Эразмова идея наглядна исходными допущениями, но отнюдь не наблюдаемыми свойствами. Главное ее допущение – что эволюция есть совокупность процессов приспособления – рушится при стороннем (не связанным априори с признанием приспособления) взгляде на разнообразие. Недавно Йорг Циттлау [2010], биолог-журналист, собрал в одну книгу обширный перечень заведомо вредных свойств животных, и вывод его оказался тот, что допущение о всеобщей полезности свойств ложно.
Наоборот, бэрова идея хороша выводами из наблюдаемых явлений. Эволюция в наши дни предстаёт в ней, как сказано в книге Ч-10, процедурой изменения фракталообразующих правил. Главный же ее недостаток видится в том, что до сих пор она не проявляла внимания к роли физиологии организмов и их зародышей.
Эразмов и бэров принципы выступают как два взаимодополнительных аспекта изучения всякой эволюционной процедуры, что и следует иметь в виду, дабы избегать лишних споров.
Номогенез в его диатропическом понимании рассматривает эволюцию как преобразование рефренной структуры разнообразия (диасети).

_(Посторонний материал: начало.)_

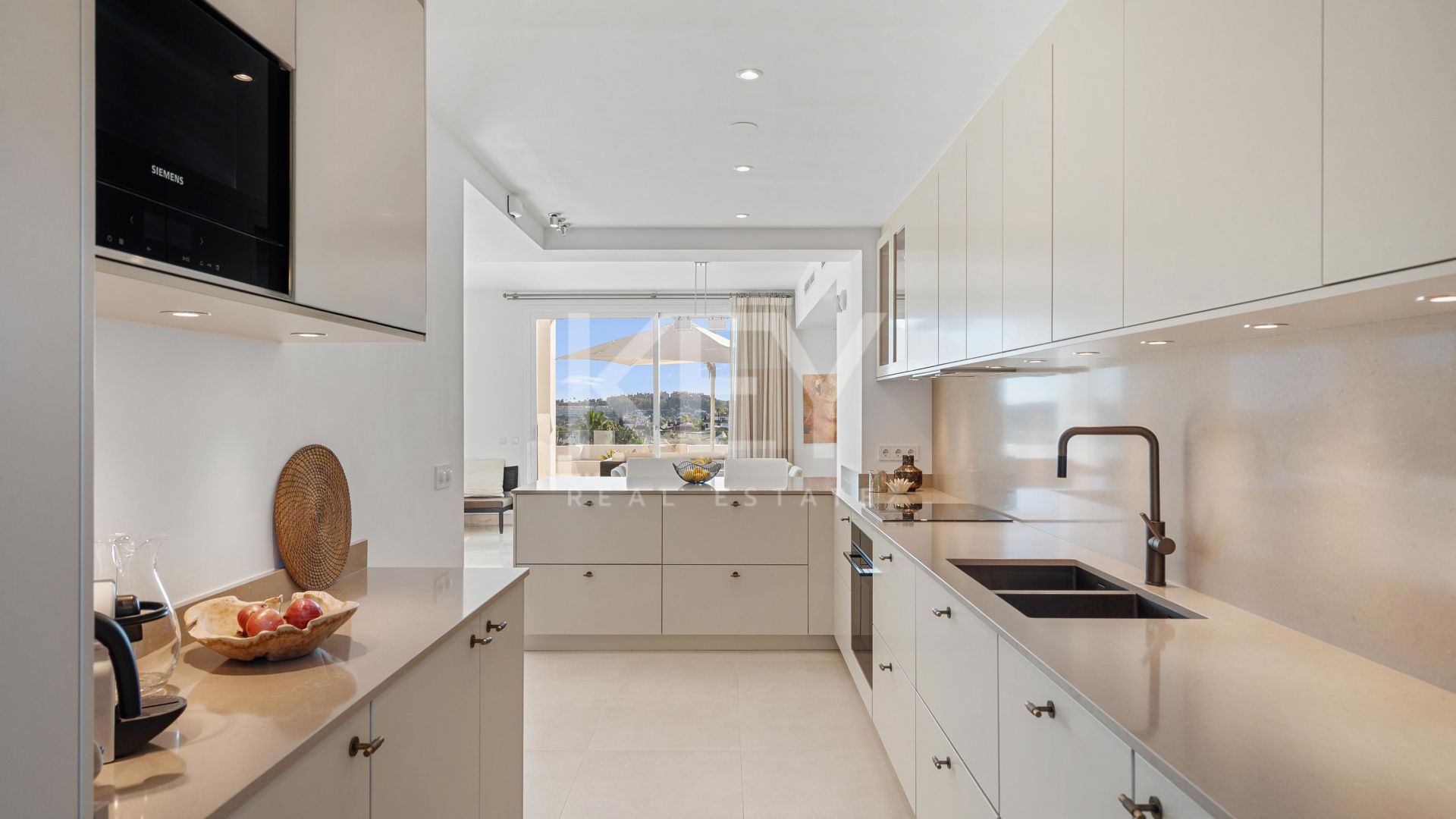 Distributed over two levels, the penthouse offers a bright open-plan living concept with seamless transitions between indoor and outdoor spaces. The contemporary kitchen is fitted with high-quality finishes and designed for both functionality and style, connecting naturally to the main living area. Three well-proportioned bedrooms and three bathrooms provide comfort for both residents and guests, making it ideal as a permanent residence or a high-end holiday home in Marbella.

Это наглядно, но узко. Более общее понимание эволюции основано на номогенезе как на понятийном каркасе, наполняемом представлениями из иных учений. Первым и главным из них выступает понятие активности, основное в ламаркизме.

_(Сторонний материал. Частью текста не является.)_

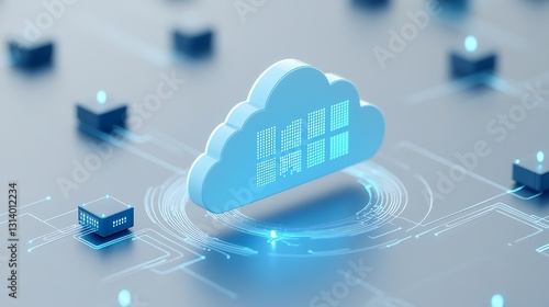 Blue Cloud Computing Icon with Data Connections and Digital Elements for Technology and Innovation Concepts

Исследования последних десятилетий показали: мир устроен так, что материя активна и сама собой организуется, порождая всё более и более сложные системы. На всех уровнях организации видно одно и то же явление – актиреф. Термин этот нужен как эразмову взгляду на мир, так и бэрову, поэтому термином «актиреф» удобно кратко маркировать всё предлагаемое представление об эволюции.